You can’t fix a fundamentally broken law; you’ve got to replace it. That’s why Congress can’t save Obamacare with a few tweaks, despite what its defenders say. No quick fix can correct the main flaw: The law takes power away from patients and hands it to bureaucrats.
As millions of Americans have learned from their cancellation notices, Obamacare lets bureaucrats decide what insurance plans must cover. It buries doctors and hospitals in red tape. And it adds a whole host of new taxes and fees that drive up the cost of care. The law doesn’t make people’s health care decisions any easier; in many cases, it makes those decisions for them.
But the law’s effects go far beyond the doctor’s office, weighing down our economy and discouraging hiring. The law requires employers with more than 50 full-time employees to give them health insurance. But because the law defines “full time” as 30 hours or more, employers are keeping employees below that threshold to avoid the mandate entirely.
The worst of the law is yet to come. This year, the individual mandate kicks in for real. Anyone who doesn’t have health insurance in 2015 will have to pay a tax of $325 or 2% of taxable income.
And this year’s tax season will be even more stressful than usual: H&R Block estimates that up to half of the 6.8 million people who got subsidies last year might have to pay some of those subsidies back.

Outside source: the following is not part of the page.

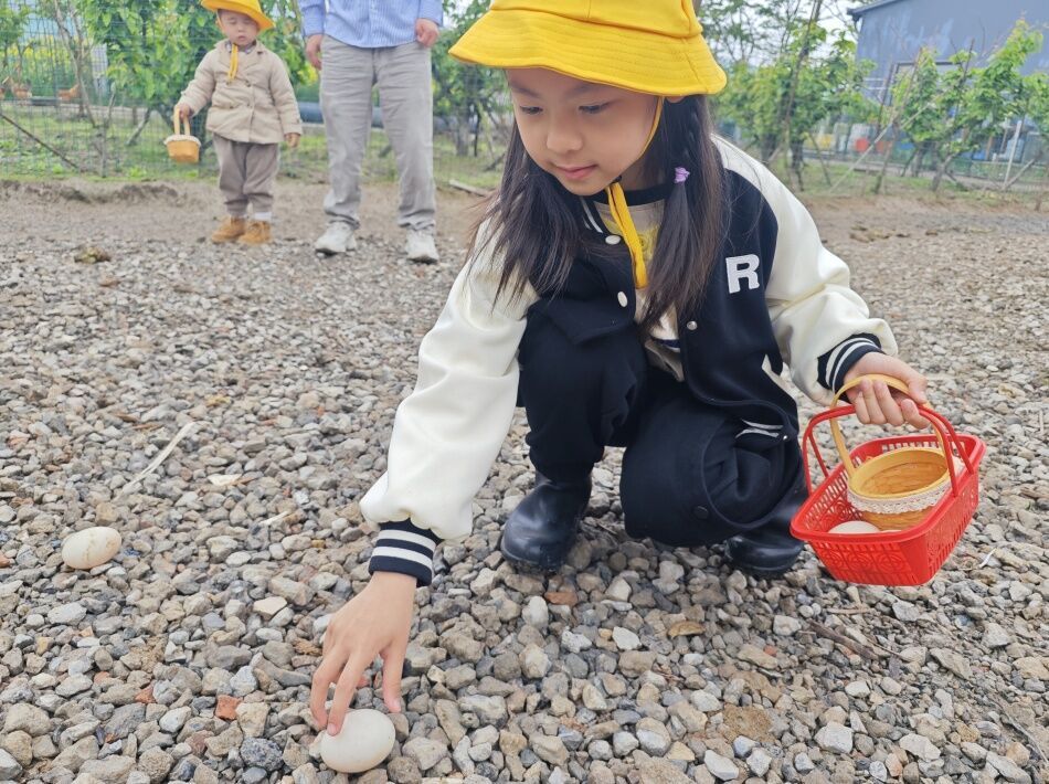 看到满院子的鸭子、母鸡、大鹅,孩子们七嘴八舌地询问着,一场关于“蛋”的争论赛开始了。他们仔细寻找着隐藏在各处的鸭蛋,小心翼翼地捡起鸭蛋,轻轻地放在篮子里,生怕打破这些脆弱的生命。

But just because we can’t fix Obamacare doesn’t mean we can’t start to get rid of its worst features. On Thursday, the House will take up a bill to define “full time” as 40 hours per week, so more people can work full time.
Ultimately, the law will collapse under its own weight. Until then, we have to start building a better health care system in its place. And we need to start with a new principle: Put the patient in the driver’s seat. That’s how we can build a healthy economy.
Rep. Paul Ryan, R-Wis., is chairman of the House Ways and Means Committee.